It’s a cautionary tale…
“It’s raining and blowing down here and your windows and doors are open! Your power and water have been turned off. I haven’t seen your maid at all this year. Your house is full of geckos and who knows what else!”
So came the phone call last week from our neighbour on Koh Samui. As we had paid the maid in full through to the present, this was more than a little alarming.
My husband and I first visited Koh Samui, tropical island pearl in the Bay of Thailand, ten years ago. We loved it. On a subsequent visit, six years ago, we signed “contracts” with a “licenced real estate agent” to build our retirement “dream home”: a small two-story pre-fabricated challet with a wonderful sunset view over beach flats, on a small block of land within a “resort” complex. If you have ever dealt with a property purchase in a country that doesn’t follow anything resembling British common law, you will understand my use of quotation marks: nothing is as it seems.
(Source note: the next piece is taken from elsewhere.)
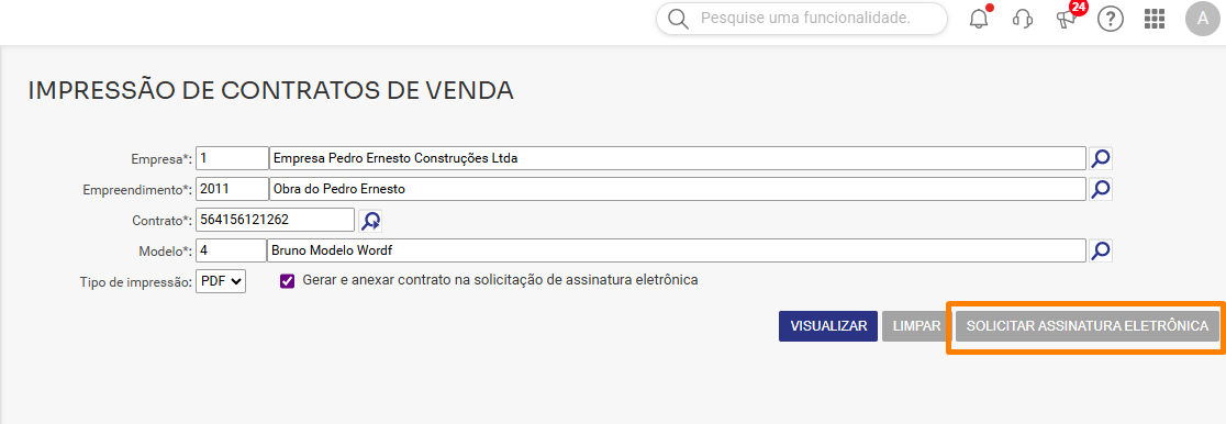 2. Em  Comercial/Vendas/Relatórios/Impressão de contratos, para fazer a solicitação da assinatura eletrônica de contratos de vendas é preciso preencher os filtros e clicar em "Solicitar assinatura eletrônica":
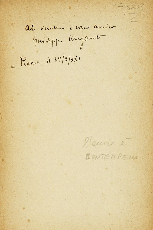 Manoscritto a inchiostro nero. Dedica al foglio di guarda anteriore, probabilmente a Massimo Bontempelli. Brossura originale, internamente staccata al piatto anteriore.

The building never quite went to plan. One year came and went, and although the house wasn’t finished, the cupboard doors were already sagging off their hinges. Two years crawled past with little change: we were supposed to move in, but had to pay to stay next door because the water and electricity still didn’t reach the house. Three years on and we were in, but the infrastructure (the roads and pathways, the communal pool) was not; the owner of the complex seemed to have run out of money and/or motivation. The cheap paint on our exterior was already peeling, and our cupboard doors were still hanging.
We are not completely naïve: unlike the many farang who come to Thailand and invest their life savings in a house for a bar girl who has a heart of gold, a sick buffalo, and a noisy extended family, only to end up broke and broken hearted, we made sure that we only spent as much as we could, worst case scenario, stand to lose. Even so, it was a blow when, after four years, we discovered that we still didn’t hold title to the property. It was a further twelve months of emails and phone calls, legal fees, and greased palms before we could celebrate our ‘blue book’: our “legal” proof of ownership. Well, as “legal” as you can be in Thailand, where following the law to the letter is a bit like playing a catch-22 scavenger hunt while blind-folded.
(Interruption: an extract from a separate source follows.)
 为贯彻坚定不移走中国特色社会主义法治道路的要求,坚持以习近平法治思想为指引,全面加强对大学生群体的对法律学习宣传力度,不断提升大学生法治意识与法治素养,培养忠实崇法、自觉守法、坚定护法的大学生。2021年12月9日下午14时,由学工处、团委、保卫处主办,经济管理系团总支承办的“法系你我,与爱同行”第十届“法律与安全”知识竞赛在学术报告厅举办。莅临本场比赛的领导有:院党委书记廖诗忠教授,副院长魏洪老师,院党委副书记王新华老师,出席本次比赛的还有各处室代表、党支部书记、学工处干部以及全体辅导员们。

Of course, by this stage, the owner had allowed a two-story building to be built in front of us, obstructing some of our view, and the maid had installed tenants who weren’t paying rent… Not long after we got the tenants out, the geckos moved in and the maid disappeared with all the linen and a bundle of money, and we got that phonecall from our neighbour. My first reaction was: “That’s it! Let’s sell.”
So, this weekend we took an unscheduled weekend trip to Koh Samui, with the intention of putting our little cottage on the market. We spent most of our time shopping for replacement bedding and other missing inventory, talking to tradesmen about electrical, plumbing carpentry and painting needs, and discussing where to get new furniture covers.
We took time out to go snorkelling one glorious afternoon in the warm seas over a nearby reef while hand-feeding countless varieties of colourful tropical fish. We wandered along almost deserted beaches on an uninhabited neighbouring island before sitting in the sun staring at nothing in particular. We motored back to our island through the most vivid of sunsets before overindulging in a ridiculously cheap meal of Thai spices and fresh seafood.
And somehow, as we breakfasted on our balcony, watching the light play on the sand and the distant islands, and as we sat under the awning in the evening rain, listening to the frogs, we fell in love with the place all over again.
So, we’ve organized a new property manager, and we’ll be back again soon.
I suppose we could visit the islands without all the challenges of property ownership, but where’s the fun in that?